# I'm so so angry.* UPDATE *



## Mummy1995

Got a call from CSA when we were on holiday and I emailed them saying I wa abroad so couldn't pick up. I then got another call the day I got home but I was shattered and jet lagged so I missed it but they left a message saying it was urgent. 

Anyway I rang them back and guess what.. Of course he's gone and denied paternity AGAIN!! So after all that shit of 'oh I still feel the same way I did for you and I believe that she's mine and she means so much to me' he pulls this one. Yeah she means THAT much to you that you're denying she's your daughter to try and dodge paying towards her upbringing. Money that SHE is entitled to. I mean how fucking dare he?! I don't even care that he's making out that I'm a cheat I'm angry for Isabella because he 100% knows he's her dad he's just making up this shit to try and get out of his responsibilities. He's just an evil, heartless monster.


----------



## Ceejay123

.


----------



## Dezireey

My ex did this first time round. Made my blood boil! They have the nerve to do all that they have done to us and leave us to have a child and bring them up alone and then they rub salt into the wounds by implying we slept about or that the reason they left is that they believe the child isn't theirs etc etc. 

Just proves what a tool he is. Did you tell him it will cost him £250 to get a test done? CSA pay for it and then if it comes back negative, the mother foots the bill for wasting everyone's time and ( more often than not) if it comes back positive, the father has to pay for it. That's how my ex backed off saying he wasn't the father, once I told him he would have to pay, he shut up. Because these idiots _know_ these kids are theirs, they are just trying to stall CSA. My ex just went quiet last time CSA got in touch, he obviously realised he didn't want to throw away £250.


----------



## Mummy1995

I know it's just disgusting. How can they deny their own children?! 

Is it seriously £250?! Wow I thought it was only £100. More fool him then if he goes through with it! What happens if they have no income though? As I have no idea if he's working, claiming or just scrounging off his parents! Do they still have to pay for it then? 

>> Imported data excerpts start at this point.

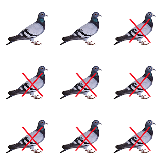 Start with 9 pigeons. If 7 pigeons are taken away, how many pigeons are left? Write the answer in the box.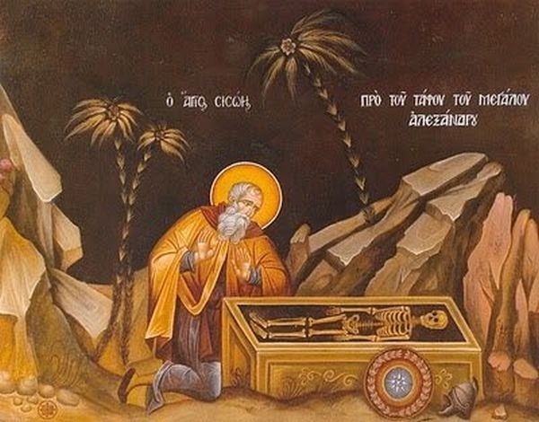Ο Όσιος Σισώης επεσκέφθη κάποτε τον τάφο του Μεγάλου Αλεξάνδρου. Όταν στάθηκε μπροστὰ και αναλογίσθηκε το μεγαλείο, στο οποίο έζησε ο ενδοξώτατος αυτὸς βασιλιὰς των Ελλήνων, την δόξα που απέκτησε με τα κατορθώματά του στους πολέμους, που τον έκαμαν ήρωα και κατακτητὴ της εποχής εκείνης, έφριξε με την σκέψη πόσο άστατη είναι η ζωὴ και πόσο πρόσκαιρη η δόξα της. Έκλαψε και θρήνησε για τη ματαιότητα όλης αυτής μιάς προσπάθειας που κατέλαβε όλη του την ζωή και που δεν του προσέφερε κανένα καλὸ στην ψυχή του.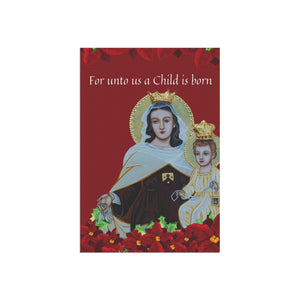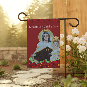 "For unto us a Child is born" A beautiful reminder of the true meaning of Christmas. Help anyone transform their homestead or garden with a simple addition - the personalized banner. Made with lightweight yet highly durable poly poplin-canvas fabric, these banners feel premium to the touch and will oversee your home for years on end. This image is exclusive to Sacred Image Icons. AMDG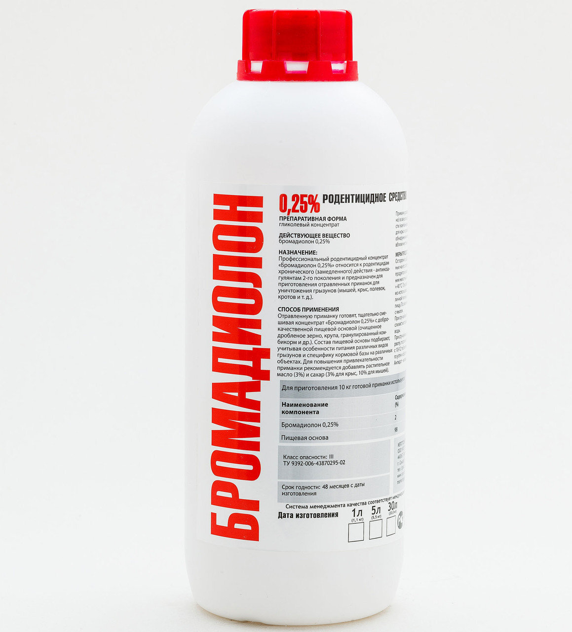 Для дальнейшего хранения и транспортировки приготовленную приманку раскладывают в закрывающуюся тару с этикеткой. Текст этикетки на таре со средством Бромадиолон 0,25% или приманкой обязательно должен содержать наименование, дату изготовления, предписания: применяются только профессиональным контингентом, а также предупредительные надписи Яд1 (для концентрата) или Токсично! (для приманок).

Ah well it's not really my problem as CSA gets backdated anyway! They said they were going to contact him. I have no contact with him now so I've not said about charges but they'll tell him about that! (Although who knows if he's still stalking me on here!). He'd be stupid to go through with it to be honest, there is no doubt in my mind he is her dad, in fact it would be impossible for him not to be!! And I don't understand why these idiots think we would go through all this crap with them if they weren't the dad? I know I've told fob that if there was even a chance he wasn't the dad I'd find out (and hope he wasn't!). Not just because of all his shit but because I for one would want to be able to tell Isabella the truth! X


----------



## Dezireey

Oh, if the DNA test shows he is the father, they will send the bailiffs in to get the money if they have to. In fact, CSA hand over a lot of 'difficult' cases to what they call 'enforcers', then the shit really hits the fan for the useless FOB's. Any man that keeps avoiding, stalling or just generally giving the CSA a hard time, cannot escape.

For all the wonderful, responsible fathers out there who don't even have to go through CSA (or if they do, quickly work with them to arrange support) there are a million other deadbeats who think they can just hide from the system. I am highly suspicious of all the circumstances surrounding my ex's other child (that I never knew about, so what was that all about?) I think his ex may have given up on him (he has no fixed address, just a PO box) me contacting CSA probably meant that he was having to now fork out money for two kids and that's why he went to great lengths to stop me contacting them and even told me his child was dead. I remember him going on and on after I gave birth about moving to the USA and that was obviously an idea he had to avoid child support.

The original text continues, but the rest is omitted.